Syrian medical students study German in hopes of move abroad

BERLIN (AFP): His medical studies in Syria keep Mohammed Shasho busy enough but whenever he can he also pores over German vocabulary and grammar points in hopes of a move to Europe.

Like many youngsters in the war-ravaged country, he dreams of joining the almost one million Syrians already in Germany to advance his education and perhaps find work there.

“German is very difficult to learn, especially because it is not taught by native speakers in Syria,” said the 23-year-old who regularly studies German textbooks and video tutorials.

The effort will be “worth it… once I set foot in Germany”, Shasho told AFP in the quiet courtyard of a Damascus health clinic where he volunteers.

German classes have proliferated in recent years in Syria where the vast majority of foreign language students had until recently opted for English or French.

Germany has become a coveted destination for aspiring Syrian doctors who want to study and work away from their homeland, ravaged by conflict and a crushing economic crisis.

Since the war began in 2011, dozens of new German language centres have sprung up in Syria’s government-controlled areas, catering to new interest.

While Syrians have a hard time obtaining visas for many countries, medical students and doctors can have an easier time if their destination is looking for skilled health workers.

But for Germany, Shasho and others like him must first be able to demonstrate an advanced language level.

– Soaring demand –

He and his friend Jaafar Mustafa, also 23, both sixth-year medical students at Damascus University, revised together to improve their language skills during a break at the clinic.

Germany is “the easiest and safest destination” for Syrians, said Mustafa, adding that qualifications from the country were highly regarded.

“There is a big Syrian community there, so I will not feel alienated,” he told AFP. “All of my friends have either travelled, are preparing to travel, or are thinking about it.”

Years of devastating conflict have forced around half of Syria’s pre-war population from their homes.
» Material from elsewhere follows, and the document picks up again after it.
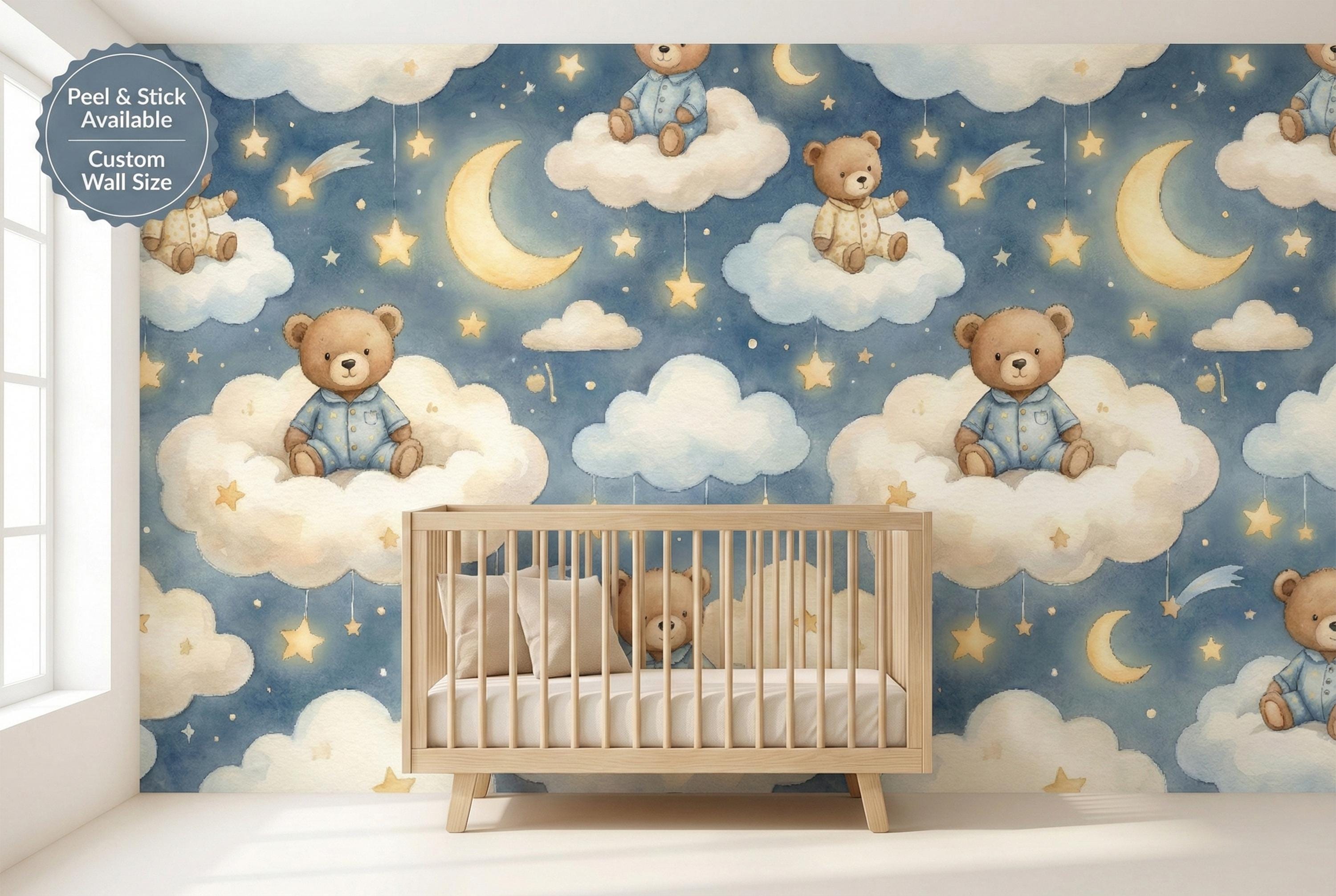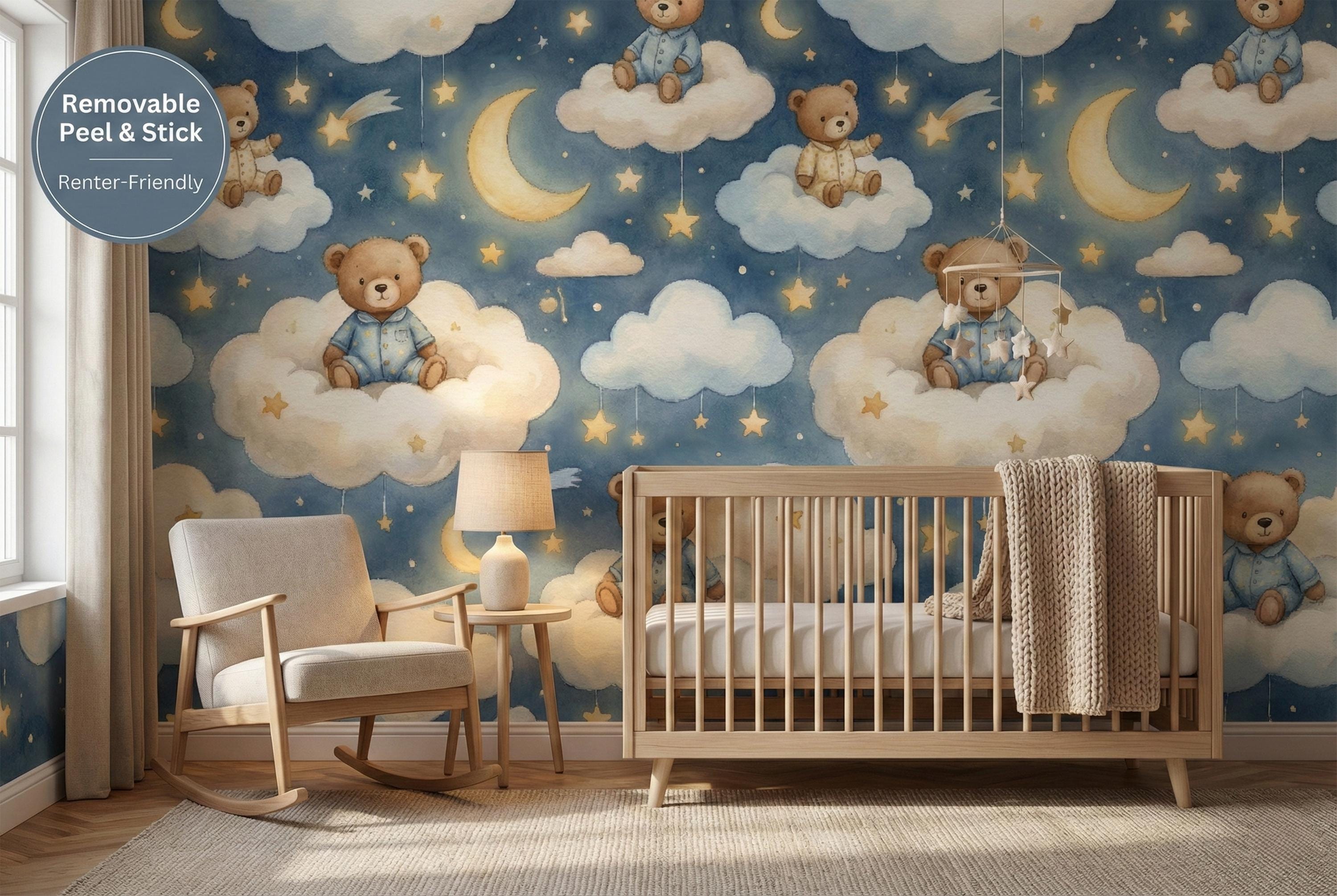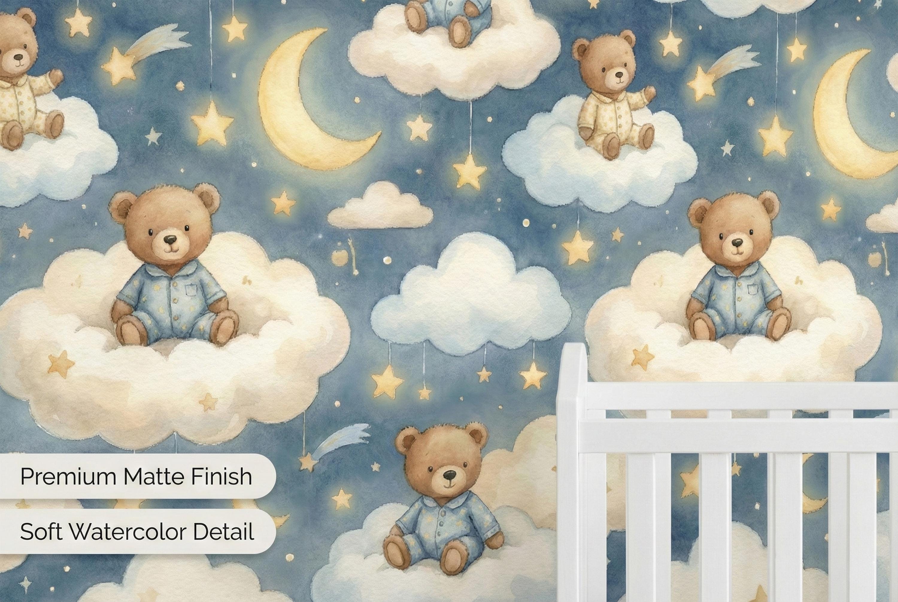 Soft navy tones, watercolor clouds, moons, and teddy bears create a cozy, calming bedtime atmosphere your little one will love.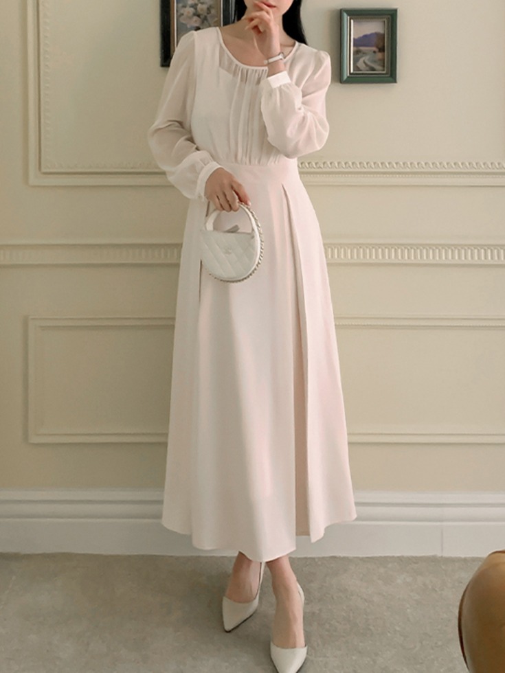 [무료배송][고급미/청순여리♡][44-120] 세뉴디엘 링클 시스루 셔링 롱 원피스 (봄-가을-신상-데이트룩-격식룩-하객룩-소개팅룩-출근룩-데일리룩-페미닌룩-120사이즈-빅사이즈-여성스러운-몸매보정)

Millions have fled to neighbouring countries or to Europe.

Some 924,000 Syrians now live in Germany compared with around 118,000 at the end of 2014, according to the German office for migration and refugees.

At the Arabic Centre in Damascus — one of the oldest foreign language institutes in the Syrian capital — director Abdullah Saleh said students were mainly interested in learning English and French until around 2013.

Before the war, “the Goethe Institute in Damascus was the only institution specialised in teaching German”, Saleh told AFP, but today “there are more than 80 centres” teaching the language.

Last year, more than 1,000 people registered to learn German at Saleh’s institute, 70 percent of them medical students or professionals.

– ‘Alarm bells’ –

Teacher Omar Fattouh, a graduate in German literature at Damascus University, wrote points on a whiteboard at the institute while a group of students, many of them women, followed his class.

He said he now teaches around 100 students a day at several language schools in the capital.

Most pupils are “seeking family reunification” in Germany or are “university students — mostly studying medicine”, Fattouh said.

Around 5,400 Syrian physicians were working in Germany in 2021, topping the list of foreign practitioners ahead of Romanians, Greeks and Austrians, according to the German Medical Association.

Syrian officials and physicians have expressed concern about the medical brain drain, with education ministry official Fadia Deeb admitting that the exit of doctors is “a reality”.

Syria is experiencing a shortage of oncologists, radiologists, anaesthetists and physiotherapists, she told local radio in May last year, blaming the country’s economic crisis.

Nabugh al-Awa, a professor and former dean of medicine at Damascus University, said students now started learning German in their first years of university.

“This raises alarm bells because it’s the first sign that they are preparing to leave,” said the 69-year-old, who has been teaching for three decades.

He expressed disappointment at seeing many from the next generation of doctors and nurses go abroad.

“It saddens me that we are losing our students, our children, who were supposed to follow in our footsteps,” he said.